For Lanvin, we launched a new fragrance for women, called A Girl in Capri, and which will debut in the summer. For Rochas, we've got the Moustache line rolling out, the first men’s scent developed by us since we acquired the brand. We will also have our third interpretation of Rochas Mousseline. We may also unveil an entirely new Rochas women scents late in the year, but it could fall into early 2020, which is when we plan to introduce our second new men's fragrance of the brand. I'm also pleased to report that Rochas fragrances are being sold in about 20 countries today. Historically distribution was for the most part limited to the France and Spain.
With regard to the U.S., for GUESS, we will further expand existing pillars, starting with 1981 Los Angeles where domestic distribution will begin in the spring followed by international rollout in this fall. Then, later in the year, September, October, we introduce a new product called Seductive Noir, a brand extension. The domestic fallout will start in September and international distribution coming the year after. But for 2020, we are developing a new blockbuster women’s scent for the GUESS brand with a very upscale designer cache.
For Anna Sui, we have a new addition in 2019 after following the great success of Fantasia that we launched in 2019, and next month, a flanker, called Fantasia Mermaid will debut. Anna Sui fragrances are concentrated throughout Asia but she also has a strong following in the UK as do our fragrance. In 2020, the Anna Sui brand has a major launch planned for a new fragrance family, called Skies. [Ph]
For Dunhill, we have an exclusive with Harrah's [ph] in London for the new Signature collection starting in April and running through yearend. This will be followed by a global rollout next year. And for other Abercrombie & Fitch, we are launching as we speak a new duo called Authentic. We are launching in the UK first and global distribution will follow a month after.
Let me bring you up to date on our newest brands, Graff and Lily Aldridge. With regards to Graff, we are going to create six sense for our debut collection. It now looks like early 2020 or very late 2019, this is our revised timetable for launch. We are also in discussions with premier hotel about supplying exquisite Graff travel amenities and with airlines for the first class customers’ givebacks.
And finally, the Lily Aldridge program is moving forward with four scents, each associated with important geographic markets in the supermodel’s life. Our time table anticipates the first Lily scent to debut in September, the second in November of this year and then the remaining two in early 2020.
So, now, operator, we can open the floor for questions.
[Operator Instructions] Our first question comes from the line of Linda Bolton Weiser with D.A. Davidson. Please proceed with your question.
Hi. So, can I just ask you a little bit about the gross margin? I guess, it was a little less than we had thought and I guess it was sort of flat year-over-year and yet the currency was -- the comparison was even more negative, i.e. weak euro. So, wouldn’t that have helped your gross margin? I think, you said it did in the European segment, but I'm just wondering why it didn’t affect the whole gross margin more. So, maybe you could touch on the U.S. gross margin.
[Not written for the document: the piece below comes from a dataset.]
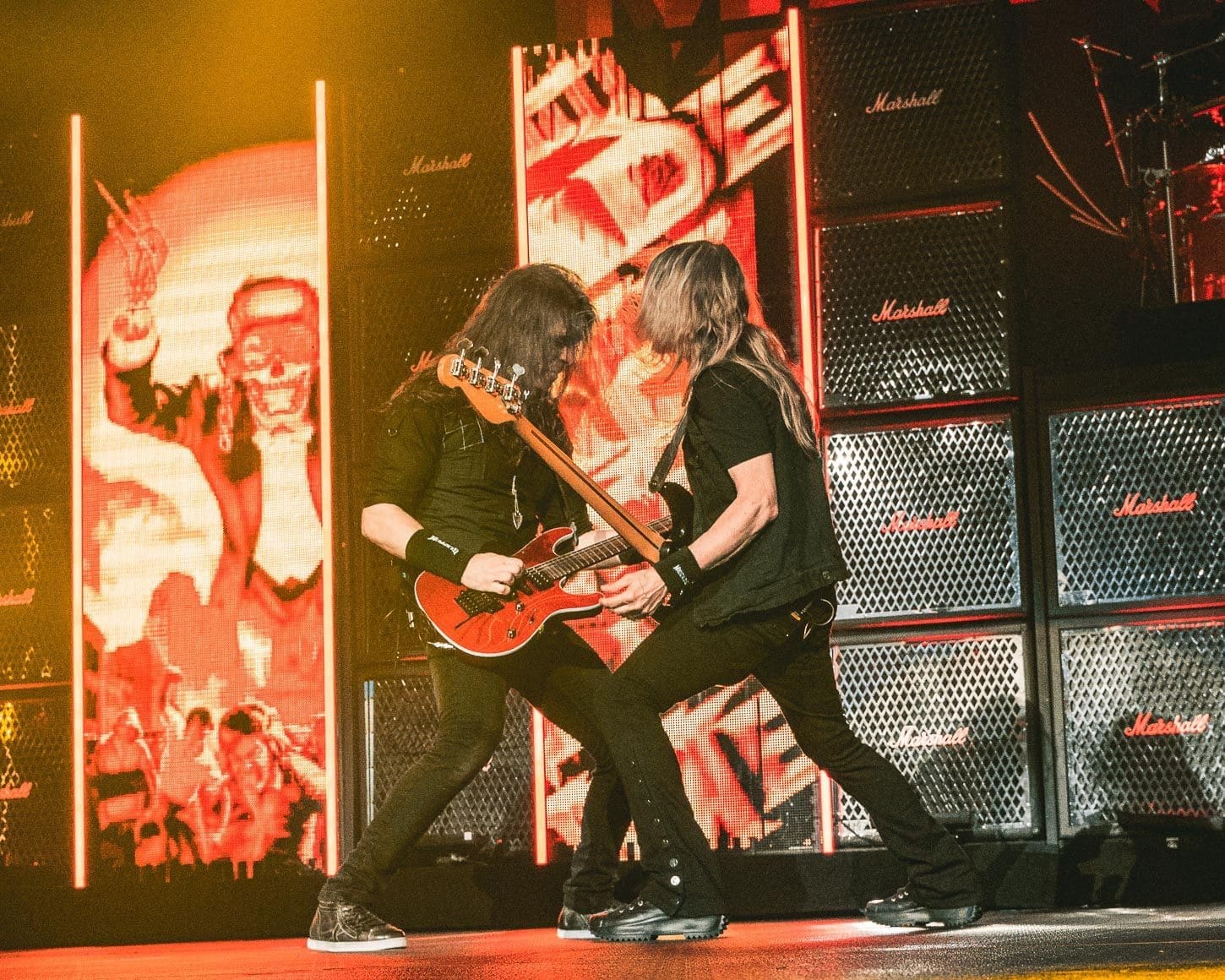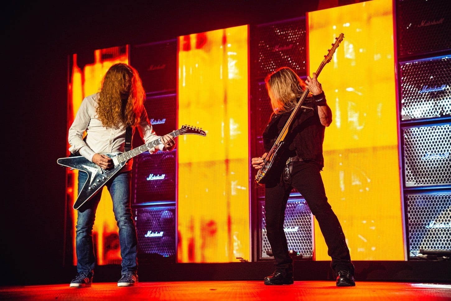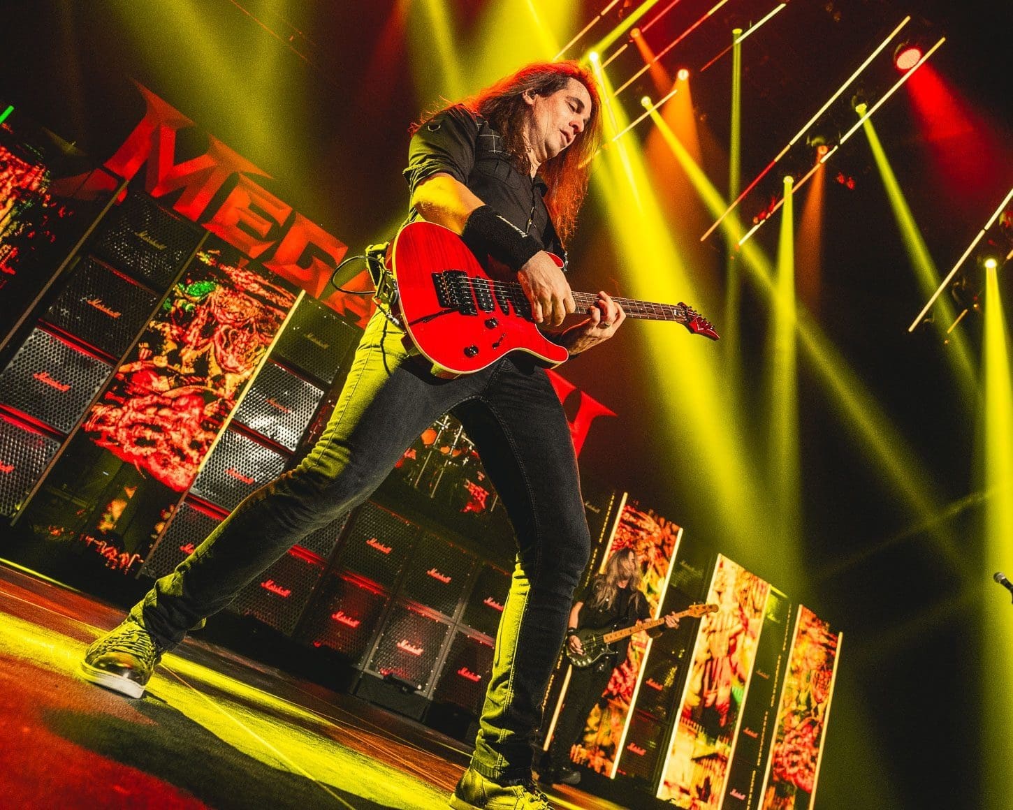 Finally it was time for one of heavy metal’s legendary bands Megadeth to take the stage. Fronted by Dave Mustane, Megadeth has been doing it since 1983! Known as one of the “big four” metals bands, along with Metallica, Anthrax and Slayer, they are responsible for the thrash metal genre’s growth and popularity. With a beautiful back drop of colorful screens, Marshall amps and a giant Megadeth logo, the foursome gave Allentown, PA a lesson on guitar dexterity and speed as they performed a 12 song set which opened with their huge hit “Hangar 18.” Mustane seemed to be extremely jovial on this night, giving picks and wristbands to security to give to young fans in the crowd and mentioning how happy he was to be back on stage after the 2 years we all went through with no shows. Megadeth ended this show with an encore of “Holy Wars” which gave the fans one last time to rock out before heading home after the ass whoopin’ that was indeed “The Metal Tour of the Year.”
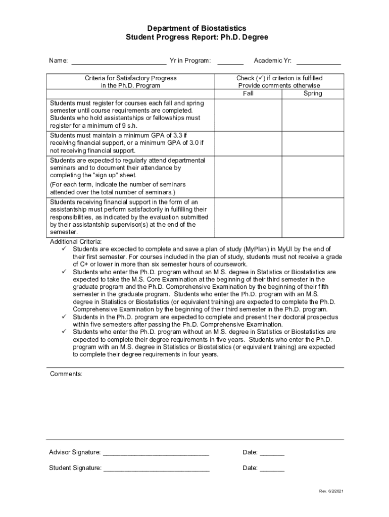 Department of Biostatistics Student Progress Report: Ph.D. Degree Name:Yr in Program: Criteria for Satisfactory Progress in the Ph.D. ProgramAcademic Yr: Check () if criterion is fulfilled Provide

I'm just trying to figure out why the gross margin wasn’t sort of up more year-over-year?
This is a question for Russ.
Well, as I indicated, the exchange rate for the full year was 1.18 as compared -- to in 2018, as compared to 1.13, reflecting a slightly weaker dollar and that normally would have a negative effect on gross margin. However, also for the quarter, it actually flipped the other direction where the exchange rate was actually a little bit positive. The real key though overall is that the negative effect from the currency exchange rate was mitigated due to the significant increase on the U.S. side of our business. The U.S. side saw gross margin come in at 51.4% in 2018 and that's up from 49.3% in 2017. And that increase in margin was primarily related to more products that are sold under -- prestige type products sold under license, which is the direction that our European -- that our U.S. business is moving. So, the counter-effects of each of those is really where we ended up. Overall, on a companywide basis, you have a very small decline in gross margin from 63.6, down to 63.3.
And I would like to add that in the U.S., we'll continue to improve our gross margin for 2019 by at least 100, maybe 200 basis points. Do you agree, Russ?
Yes. That should improve exactly by almost 200 basis points this year. And I think that that will continue, again, as we move towards more sales of the higher margin prestige products.
Okay. Thank you. That's helpful. Can I also ask you -- can ask, you mentioned a $1 billion in sales as I guess a goal. I guess, that's the first time I heard you say that. What kind of timeframe are you thinking you can get to a $1 billion?
I knew you were going to ask that. Look, we have today -- when you look at the portfolio, we have now three brands that are close to -- that are $100 million brand. We think that GUESS has the potential in two to three years from now to be a $100 million brand. So, it's a goal. I don't know if it's going to be three years from now, four years from now but this is the timeframe that I will put.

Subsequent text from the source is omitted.